[Start of Attachment]

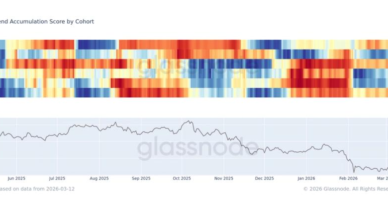 Glassnode’s Accumulation Trend Score, which measures whether different wallet groups are buying or selling, has dropped to around 0.04, signalling deep net distribution across the network.
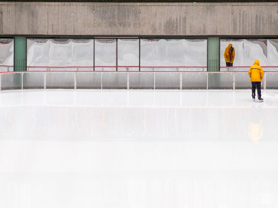 A man skates alone on the ice rink at Rockefeller Center. (New York, US).
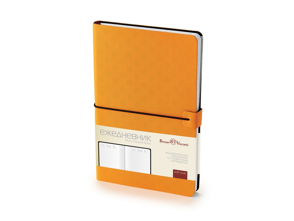 Недатированный ежедневник «Bravo» от бренда Bruno Visconti - это качественный и недорогой корпоративный подарок, произведенный специально под персонализацию. Представлен в универсальном формате А5. Элегантная мягкая обложка из гладкого кожзама имеет гибкую конструкцию и приятна на ощупь. В ежедневнике «Bravo» есть полезная справочная информация и телефонная книга, а также 272 страницы для записи идей, мыслей и составления рабочих планов. Есть закладка. Для изготовления страниц используется качественный бежевый офсет повышенной плотности (70 г/кв м). Ежедневник снабжен очень стильной горизонтальной резинкой, которую можно так же использовать, как держатель для ручки. Ежедневники от бренда Bruno Visconti можно персонализировать с помощью всех видов тиснения обложки. Наши ежедневники помогут быть успешным и эффективным в карьере и повседневной жизни!Вы можете купить из наличия ежедневник А5 недатированный «Bravo», оранжевый с нанесением прямо сейчас, купив быструю доставку
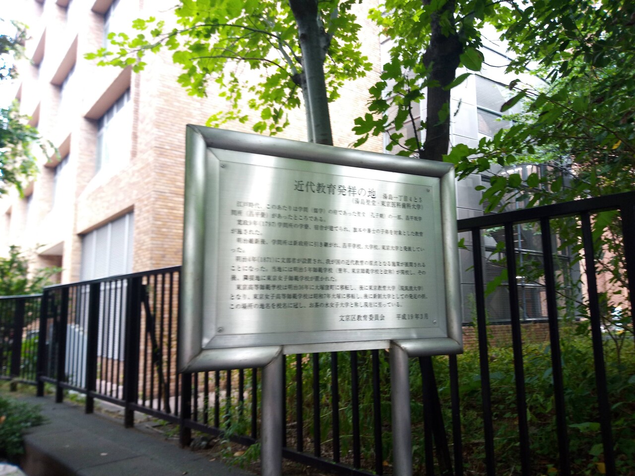 御茶ノ水駅を出て、聖橋を渡って直ぐの東京医科歯科大学の建物の脇に案内板がひっそりとありました。江戸時代、この辺りに昌平坂学問所があり、これが日本国内における近代教育の原点となったようです。御茶ノ水駅周辺には大学のキャンパスなどがたくさんありますが、歴史的な背景を考えると納得しました。
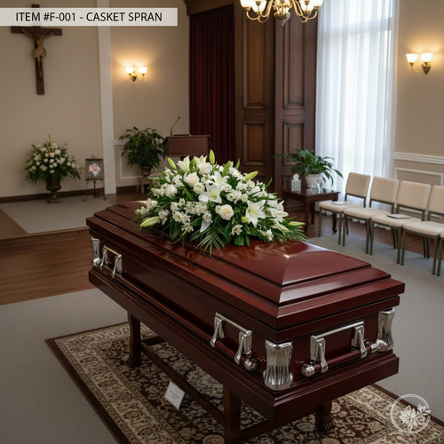Arreglo Fúnebre Cubre Caja Con Rosas Blancas y Lirios
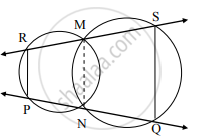 आकृती मध्ये, दोन वर्तुळे एकमेकांना बिंदू M व N मध्ये छेदतात. बिंदू M व N मधून काढलेल्या वृत्तछेदिका बिंदू R व S मध्ये, आणि बिंदू P व Q मध्ये छेदतात. तर रेख PR || रेख QS, हे सिद्ध करा.
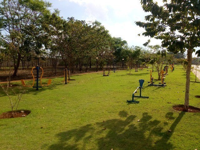 Condomínio com portaria 24h, piscinas, academia, salão de festas, campos e playground.
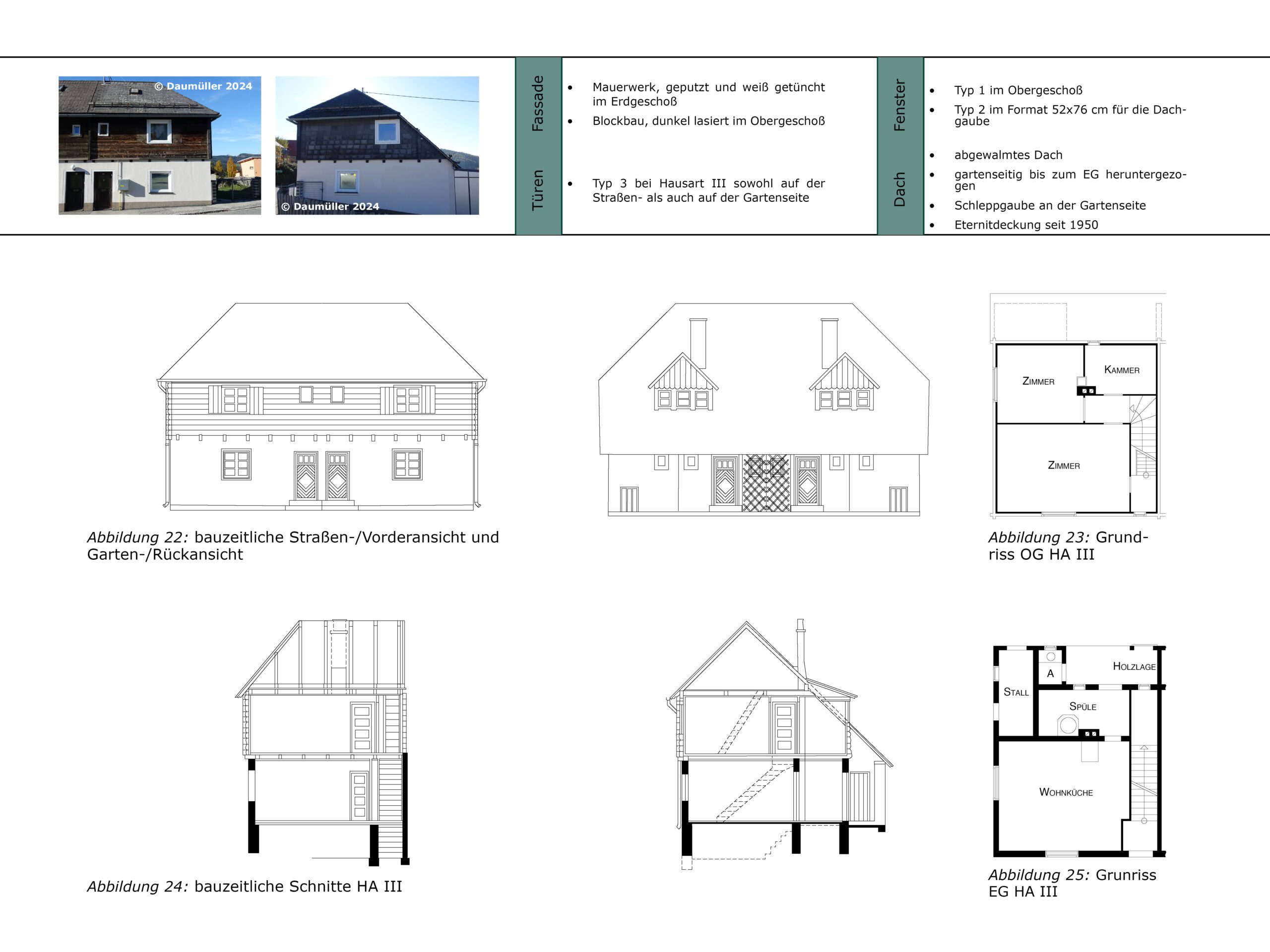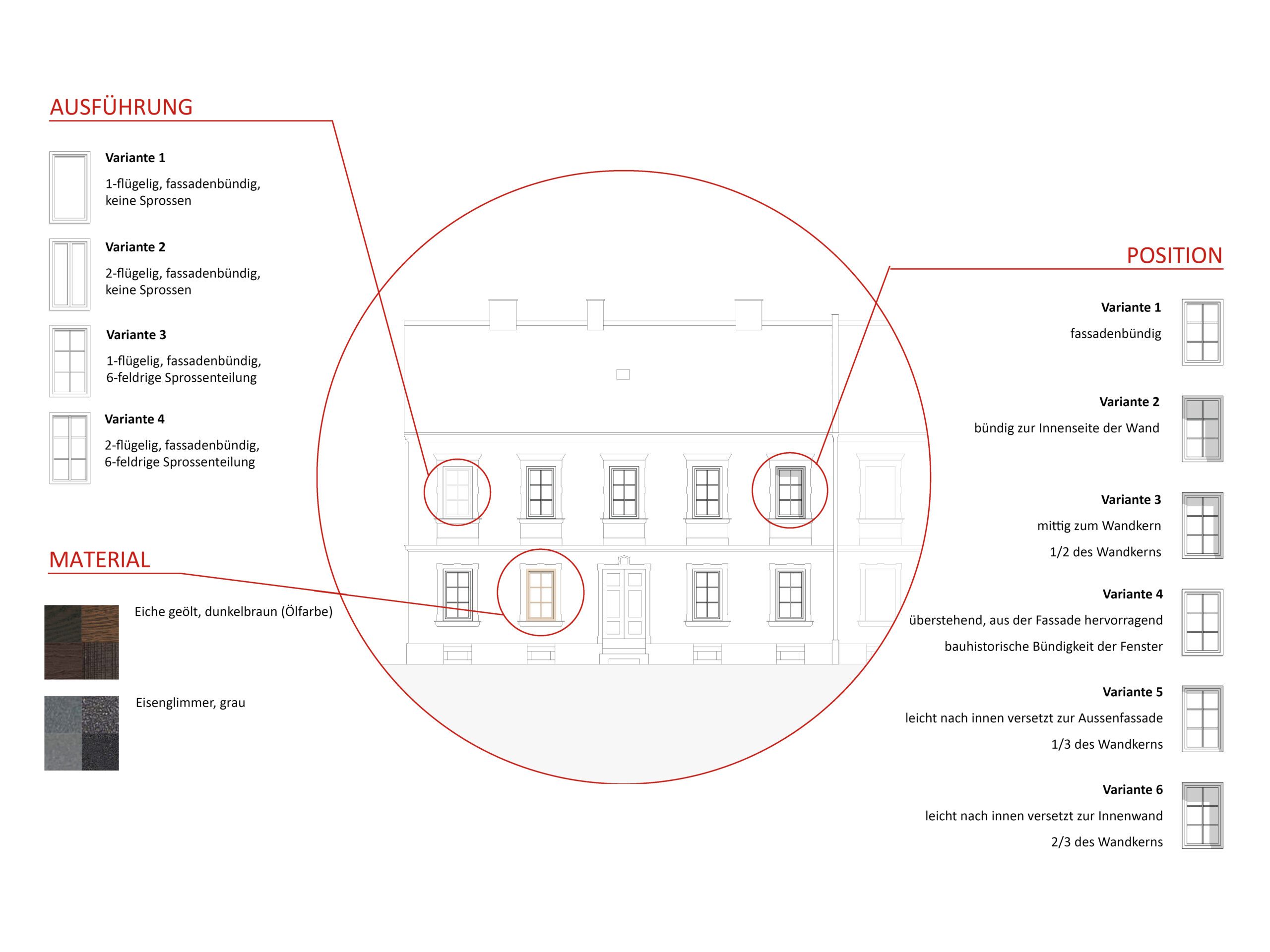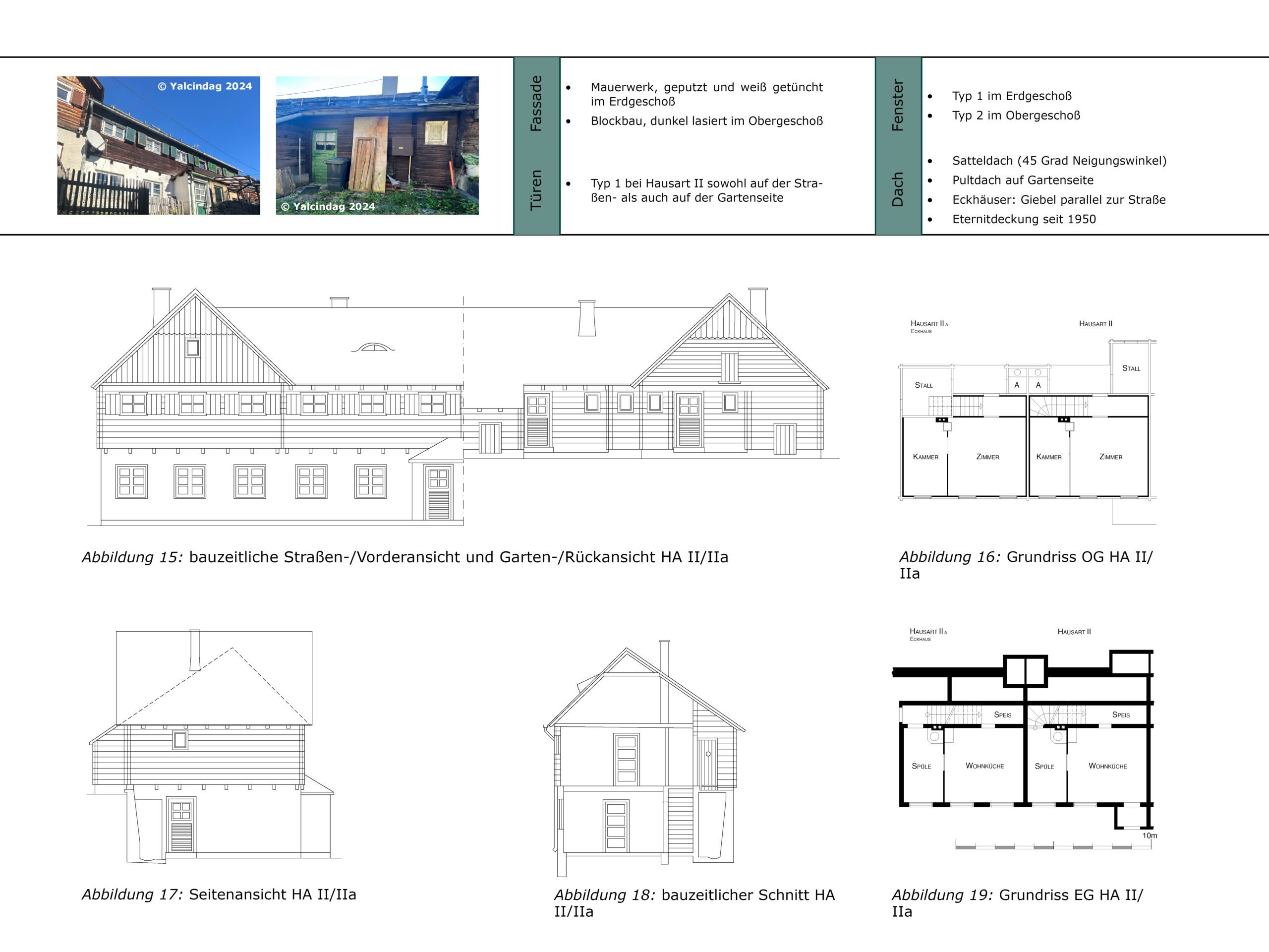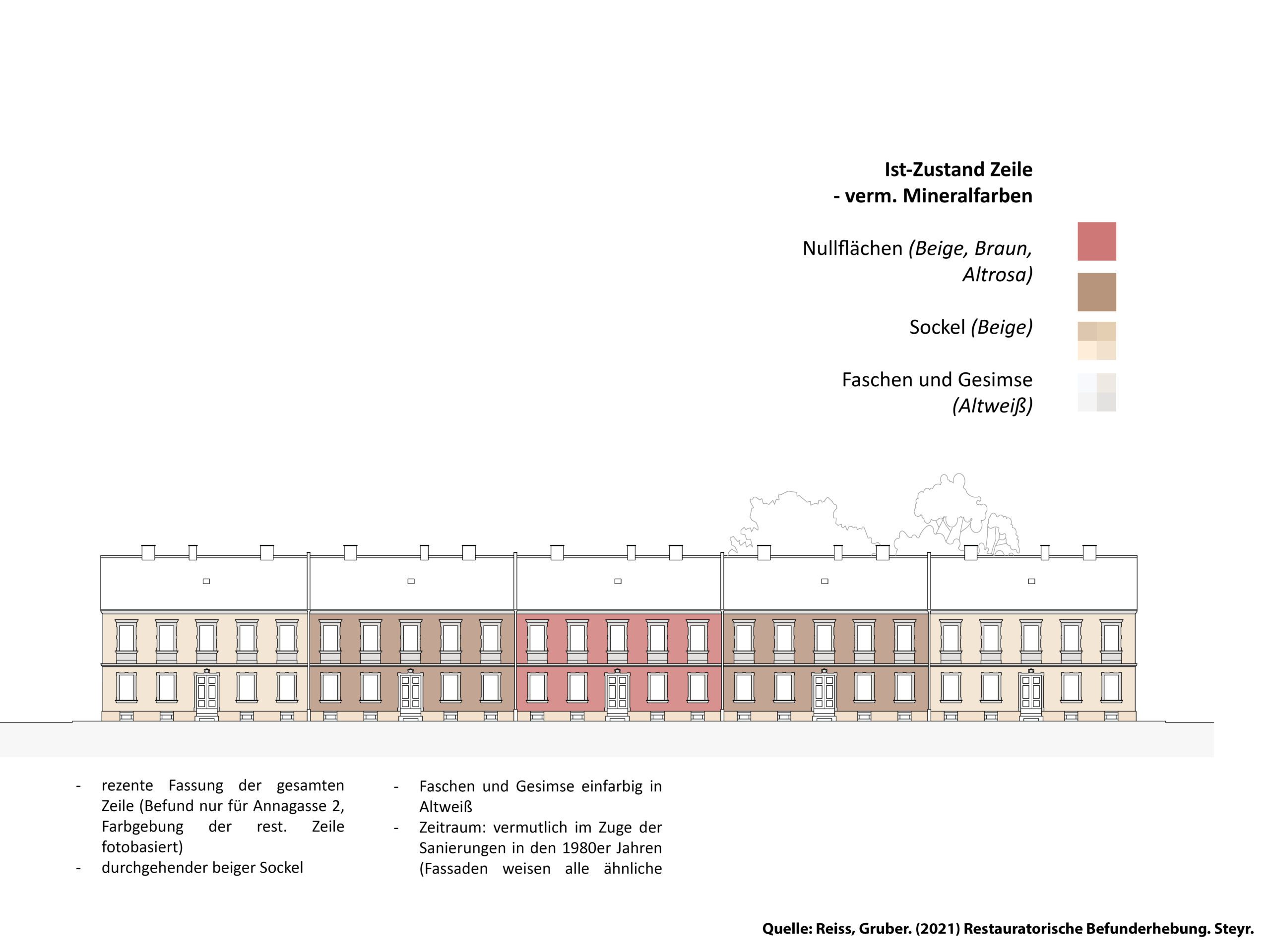 Der Entwurf zur Eysnfeldsiedlung in Steyr baut auf dem im Zuge der Lehrveranstaltung „Planen, Pflegen und Wohnen“ erarbeiteten Denkmalpflegeplan auf. Dabei wurde der Leitfaden des Bundesdenkmalamts aus dem Jahr 2024 angewendet und in der Auseinandersetzung mit dem Bestand konkret erprobt. Ziel des Entwurfs ist es, den historischen Charakter der denkmalgeschützten Arbeitersiedlung mit ihrer zeilenartigen Struktur und den (Nutz-)Gärten zu bewahren und zugleich an heutige Wohnbedürfnisse anzupassen. Im Mittelpunkt des Entwurfs steht eine umfangreiche Variantenanalyse, bei der unterschiedliche Perspektiven – denkmalpflegerische, gestalterische und soziale – gegeneinander abgewogen wurden. Zentrale Maßnahmen sind Grundrissvarianten, barrierefreie Zugänge, die reversible Dämmung von Kellerdecke und Dachboden sowie ein differenziertes Farbkonzept auf Basis restauratorischer Befunde. Auch Fenster- und Stiegenhausgestaltung werden präzise entwickelt. Die Anliegen der Bewohner:innen flossen dabei aktiv in den Entwurfsprozess ein.
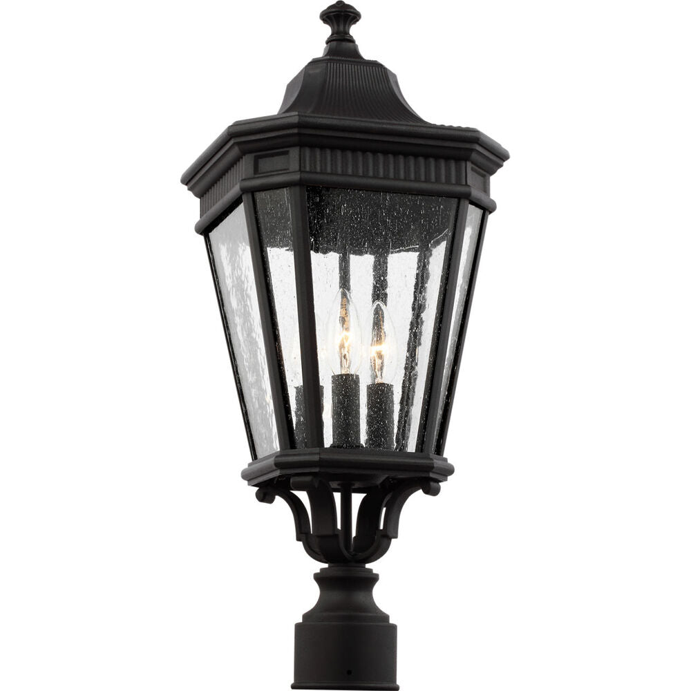 The traditional, antique gas lantern-inspired design of Cotswold Lane features dentil molding at the top of each pane of beveled glass. Cotswold Lane's profile is timeless and elegant. Available with two finish and glass options: a Black or Grecian Bronze frame with Clear Beveled glass or Clear Seeded glass panels.

[End of Attachment]

What this task involves:
Once the pictures are removed, return the entries exactly as they stand.

Response to this task:
 Glassnode’s Accumulation Trend Score, which measures whether different wallet groups are buying or selling, has dropped to around 0.04, signalling deep net distribution across the network.
 A man skates alone on the ice rink at Rockefeller Center. (New York, US).
 Недатированный ежедневник «Bravo» от бренда Bruno Visconti - это качественный и недорогой корпоративный подарок, произведенный специально под персонализацию. Представлен в универсальном формате А5. Элегантная мягкая обложка из гладкого кожзама имеет гибкую конструкцию и приятна на ощупь. В ежедневнике «Bravo» есть полезная справочная информация и телефонная книга, а также 272 страницы для записи идей, мыслей и составления рабочих планов. Есть закладка. Для изготовления страниц используется качественный бежевый офсет повышенной плотности (70 г/кв м). Ежедневник снабжен очень стильной горизонтальной резинкой, которую можно так же использовать, как держатель для ручки. Ежедневники от бренда Bruno Visconti можно персонализировать с помощью всех видов тиснения обложки. Наши ежедневники помогут быть успешным и эффективным в карьере и повседневной жизни!Вы можете купить из наличия ежедневник А5 недатированный «Bravo», оранжевый с нанесением прямо сейчас, купив быструю доставку
 御茶ノ水駅を出て、聖橋を渡って直ぐの東京医科歯科大学の建物の脇に案内板がひっそりとありました。江戸時代、この辺りに昌平坂学問所があり、これが日本国内における近代教育の原点となったようです。御茶ノ水駅周辺には大学のキャンパスなどがたくさんありますが、歴史的な背景を考えると納得しました。
Arreglo Fúnebre Cubre Caja Con Rosas Blancas y Lirios
 आकृती मध्ये, दोन वर्तुळे एकमेकांना बिंदू M व N मध्ये छेदतात. बिंदू M व N मधून काढलेल्या वृत्तछेदिका बिंदू R व S मध्ये, आणि बिंदू P व Q मध्ये छेदतात. तर रेख PR || रेख QS, हे सिद्ध करा.
 Condomínio com portaria 24h, piscinas, academia, salão de festas, campos e playground.
 Der Entwurf zur Eysnfeldsiedlung in Steyr baut auf dem im Zuge der Lehrveranstaltung „Planen, Pflegen und Wohnen“ erarbeiteten Denkmalpflegeplan auf. Dabei wurde der Leitfaden des Bundesdenkmalamts aus dem Jahr 2024 angewendet und in der Auseinandersetzung mit dem Bestand konkret erprobt. Ziel des Entwurfs ist es, den historischen Charakter der denkmalgeschützten Arbeitersiedlung mit ihrer zeilenartigen Struktur und den (Nutz-)Gärten zu bewahren und zugleich an heutige Wohnbedürfnisse anzupassen. Im Mittelpunkt des Entwurfs steht eine umfangreiche Variantenanalyse, bei der unterschiedliche Perspektiven – denkmalpflegerische, gestalterische und soziale – gegeneinander abgewogen wurden. Zentrale Maßnahmen sind Grundrissvarianten, barrierefreie Zugänge, die reversible Dämmung von Kellerdecke und Dachboden sowie ein differenziertes Farbkonzept auf Basis restauratorischer Befunde. Auch Fenster- und Stiegenhausgestaltung werden präzise entwickelt. Die Anliegen der Bewohner:innen flossen dabei aktiv in den Entwurfsprozess ein.
 The traditional, antique gas lantern-inspired design of Cotswold Lane features dentil molding at the top of each pane of beveled glass. Cotswold Lane's profile is timeless and elegant. Available with two finish and glass options: a Black or Grecian Bronze frame with Clear Beveled glass or Clear Seeded glass panels.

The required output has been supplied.